А вокруг нас была такая же чересполосица хорошего и дурного, человечного и страшного. Так, например, мне приходилось нередко ходить переводчицей с немецкими военными врачами к русским больным. Официально русским больницам и практиковавшим русским врачам выдалось известное количество лекарств и у них должно было лечиться русское население, военным же врачам было запрещено пользовать русское население. Но врачи с этим запретом не считались. Я не знаю случая, когда военный врач или фельдшер отказался бы пойти к русскому больному, даже поехать на открытой телеге в мороз (затребовать свою машину они не имели права) в отдаленную деревню. Они также всегда давал медикаменты из военных запасов, списывая их на якобы заболевших солдат. Помню, я как-то была с военным врачом в простой русской семье, где заболела 2-х летняя, довольно замурзанная девчушка. Врач уставил ангину, дал соответствующее лекарство, затем, погладив ребенка по головке, сказал: «Про нас говорят, что мы убиваем детей, нет, мы детей не убиваем». Знал ли он об еврейских детях? Я уверена, что не знал.

Страшной была проблема военнопленных. Их можно было видеть время от времени на улице, когда их колонна шла в лагерь и они толпой бросались на хлеб, который им подавали. Лагерей военнопленных в черте города не было, а военнопленные в городе работали при отдельных немецких военных частях; они вытащили лотерейный билет, – они не голодали. Однажды я ездила вместе с дочерью знакомого врача в один из лагерей недалеко от города, навестить попавшего в плен товарища моих детских игр – Диму. Мы его потом вытащили из лагеря, и он жил в Пскове свободно. Немцы вообще нередко отпускали на свободу военнопленных, если последние находились на территории своего родного города или деревни, особенно если у них были там родственники, которые могли их взять. Военных советских врачей отпускали и в чужих местах; так, в псковских больницах потом работали некоторые бывшие военные врачи, хотя они не были псковичами.

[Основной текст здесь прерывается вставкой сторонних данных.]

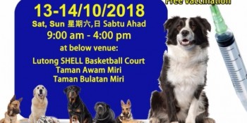There will be another round of free rabies vaccination for dogs which will be held this weekend (Oct 13 and 14) at three locations in Miri. Piasau State Assemblyman, Datuk Sebastian Ting said the mass vaccination campaign starts from 9am to 4pm will be held at Lutong Shell basketball court, Taman Awam Miri Bumiko, and Taman Bulatan Miri in Piasau Jaya. The vaccination exercise, he added, is for dogs but those with other pets can bring them to the Miri Veterinary Services Department clinic at Pelita Commercial Centre. The clinicRead More
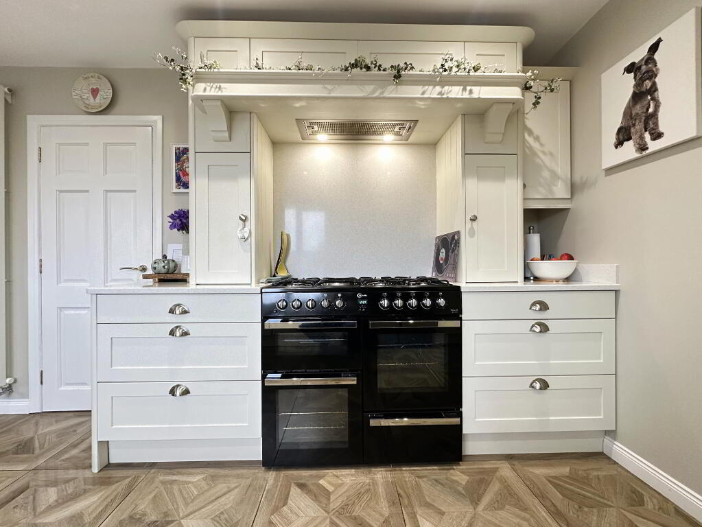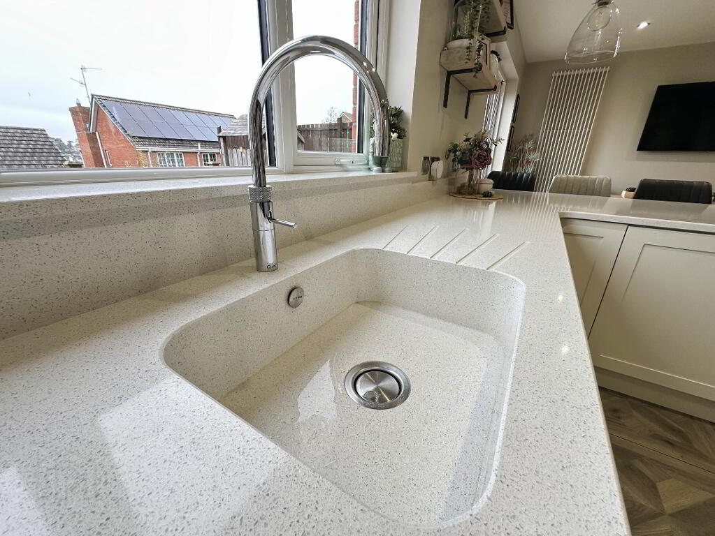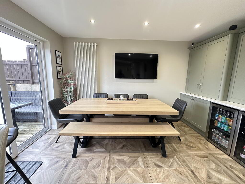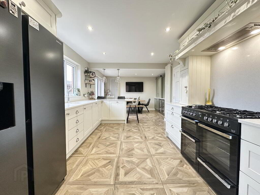 - Full range of stunning high and low level units in two tone finish, quartz worktops and sink with upstands, Quooker hot water top, and breakfast bar. Housing with space for Range Cooker, back splash and extractor fan and light, housing for American style fridge/freezer, fully integrated dishwasher and spaces for under unit drinks chillers below concealed backlit drinks storage cupboard, recessed ceiling spots, PVC double glazed patio door to rear, fully tiled floor, 2 vertical radiators.

Но эта поездка дала наглядное представление о положении военнопленных, о котором много говорилось в городе. После этого посещения я сделала запись: «Так, Боже мой, какой ужасный вид имеют военнопленные. Бледные, измученные, больные, грязные, обтрепанные. Они идут и просят корочку хлеба, а если им дашь пищи, они прямо бросаются и рвут друг у друга. Я знаю, как бесконечно трудно в военное время, во время такой тяжелой войны хорошо содержать и кормить около 4-х миллионов пленных, но все же неужели они не могли бы поставить их в более человеческие условия?» У меня реакция на шок всегда очень запоздалая, она сказывается через день или даже через два. Так и после посещения этого лагеря, на другой день, на улице мне вдруг неожиданно стало дурно, закружилась голова, чего вообще у меня не бывает; немолодая женщина, взглянув на меня, бросилась меня поддерживать. Потом и это впечатление перекрылось идеей освобождения России. Война разразилась независимо от нас и прекратить ее было тоже вне наших возможностей. Но, может быть, ее можно было использовать все доя той же цели: освобождения России от большевиков.

Первая военная зима была весьма суровая. После необычно жаркого и сухого лета наступила ранняя и морозная зима. В эту зиму умерло много военнопленных. И сколько среди них было пассивных перебежчиков, которые не хотели сражаться за коммунизм, за советскую власть. Многие были уверены, что получат оружие и смогут сражаться против Сталина и его безумной диктатуры. Никто так и не сосчитал, сколько их тогда умерло от холода и болезней.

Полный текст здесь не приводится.